The runtime pipelines now require a full point-in-time dataset and can optionally block low-quality data before feature construction.

### Required PIT columns

`date`, `open`, `high`, `low`, `close`, `volume`, `hs300_close`, `star50_close`, `csi1000_close`, `pct_constituents_above_20dma`, `pct_constituents_above_60dma`, `pct_new_high_20`, `pct_new_low_20`, `eq_weight_ret_5`, `weighted_ret_5`, `top3_contribution_5`, `top1_contribution_5`, `top10_contribution_5`, `sector_concentration_20`, `corr_spike_20`, `dispersion_20`

- Column names are normalized to lowercase with surrounding whitespace removed.
- Duplicate trading dates are rejected.
- Rows are sorted by trading date before downstream processing.

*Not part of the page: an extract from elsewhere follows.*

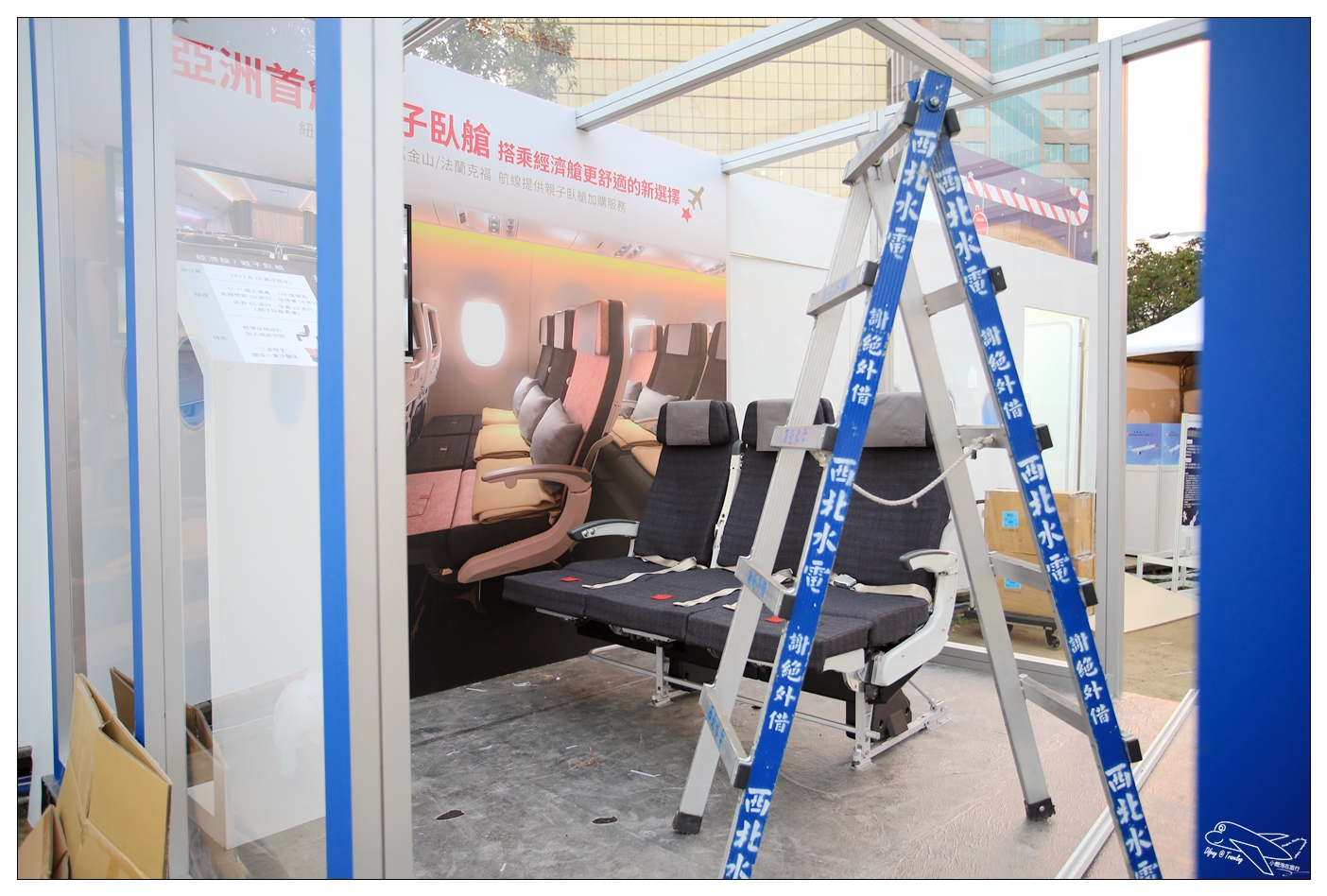 也由於是華航辦的活動,所以這裡也有華航A350的VR體驗以及親子臥艙的體驗!不過官網上的預約人次已經都預約完了,只能現場排隊領號碼牌囉!

- Runtime entrypoints no longer merge sidecars on the fly.
- If required PIT columns are missing, the pipeline fails before quality gate and feature construction.

### Data quality gate modes

- Non-strict (default): pipeline continues and records warnings when critical-column coverage is below threshold.
- Strict (`--strict-data`): pipeline stops only when configured `blocking_columns` are breached; non-blocking breaches remain warnings.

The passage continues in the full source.